Anyone who has ever been to the Basque Country area will recognise these snacks and will have had them, accompanied by a crisp bottle of red, or a aperitivo.

Here, Marti Buckley documents the history of the snack, from it’s early beginnings almost 100 years ago, and how, as they become more popular, food companies cashed in with frozen versions to today, where creativity makes them more exciting than ever.

And we also share a recipe from Buckley's new book, Basque Country, the Spanish ham, goats cheese and sun-dried tomato pintxo.

1920 to 1940: Drinking outside of the home was an established social custom well before the Spanish Civil War. People would head to the cider houses and bodegas in the old part of San Sebastián to buy their alcohol (for their home or business) and would make the most of the trip by downing a few drinks.

1940 to 1960: Post–Spanish Civil War, txikiteo, the practice of travelling from bar to bar with a kuadrilla (a group of close friends), becomes routine. Kuadrillak meet at the same bar to begin the same route every night, ultimately consuming up to thirty small glasses (about a bottle) of wine a head in the process. Luckily, the wine is very cheap, around 7 pesetas (about 4 cents in today’s currency).

There is also widespread scarcity. A few bars, many of them under the same ownership today, innovate by putting out a bit of food on the bartop. Bar Martinez, on Calle 31 de Agosto in San Sebastián, is one of them.

Much of the food and some of the alcohol available in the bars are contraband, smuggled from France.

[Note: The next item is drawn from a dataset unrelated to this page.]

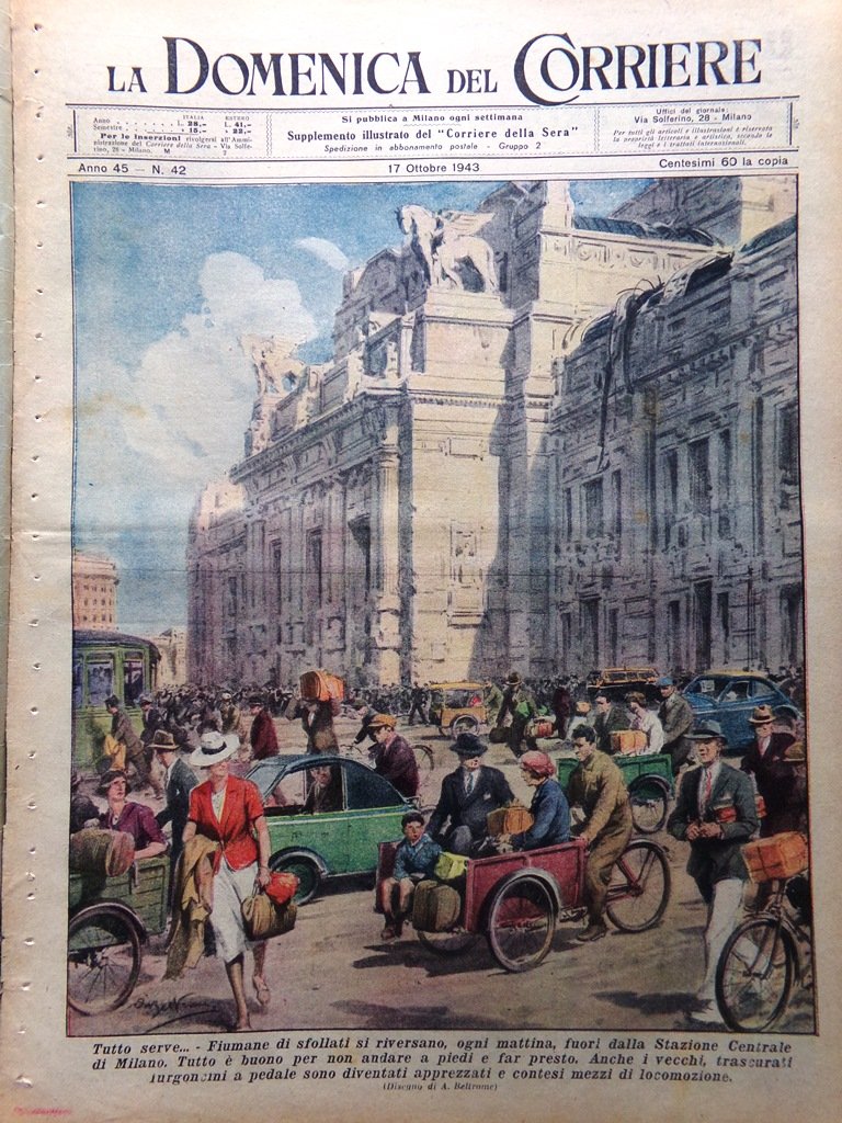 Tutto serve.Fiumane di sfollati si riversano ogni mattina, fuori dalla Stazione Centrale di Milano. Tutto è buono per non andare a piedi e far presto. Anche i vecchi, trascurati furgoncini a pedale sono diventati apprezzati e contesi mezzi di locomozione (Achille Beltrame)

The police never take action, and luxuries like txaka (canned crab), unseen before it appeared on the bar of Borda Berri, dot the bars of the city.

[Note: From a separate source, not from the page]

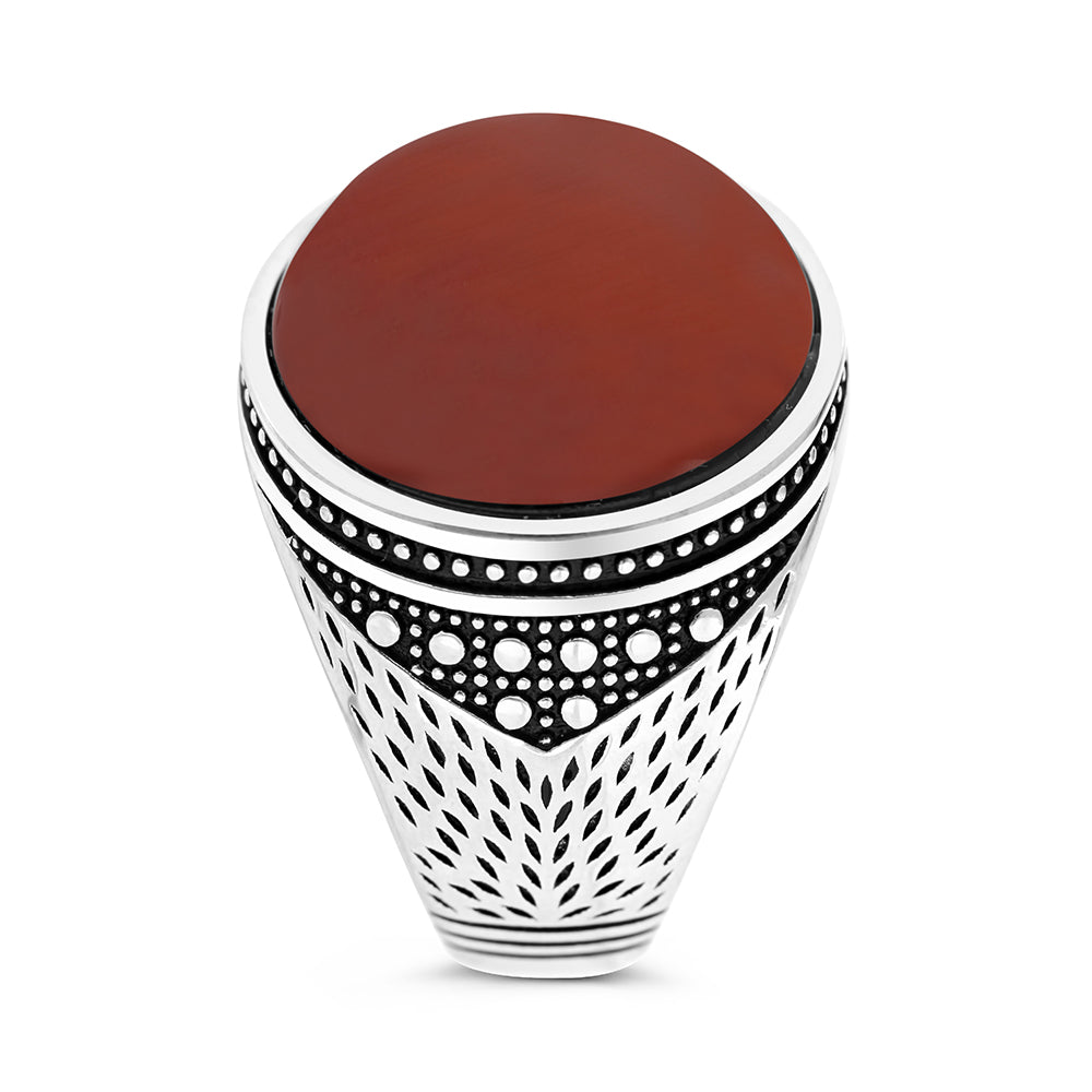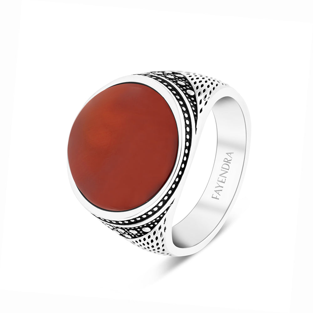 خاتم رجالي فضة عيار 925 مطلي روديوم احجار عقيق طبيعي

The movie Gilda arrives in Spain, and is later the inspiration for the name of what is often purported to be the first pintxo. A banderilla-style bite costs around 3 pesetas (a current value of 2 euro cents). Summer visitors from the interior of Spain are the ones who begin to refer to these toothpick-held pickles as pinchos.

1960 to 1980: Life begins to get a little easier. Supply chains open up, and bars begin to develop their food offerings. Each bar has a specialty. The name “pincho” begins to catch on and circulate, but with a Basque spelling: pintxo.

Though the name “pintxo” has not yet reached Bilbao, familiar-looking bites begin to appear in the city’s bars, among them the bilbainito, hard-boiled egg with mayonnaise and shrimp; el grillo, a piece of potato with lettuce and onion; and chunks of olive oil–preserved albacore to be grabbed with a toothpick. On Sundays, there are bars that serve fried calamari, or even kroketak (croquettes). The food is served off in a corner, however, not atop the bar.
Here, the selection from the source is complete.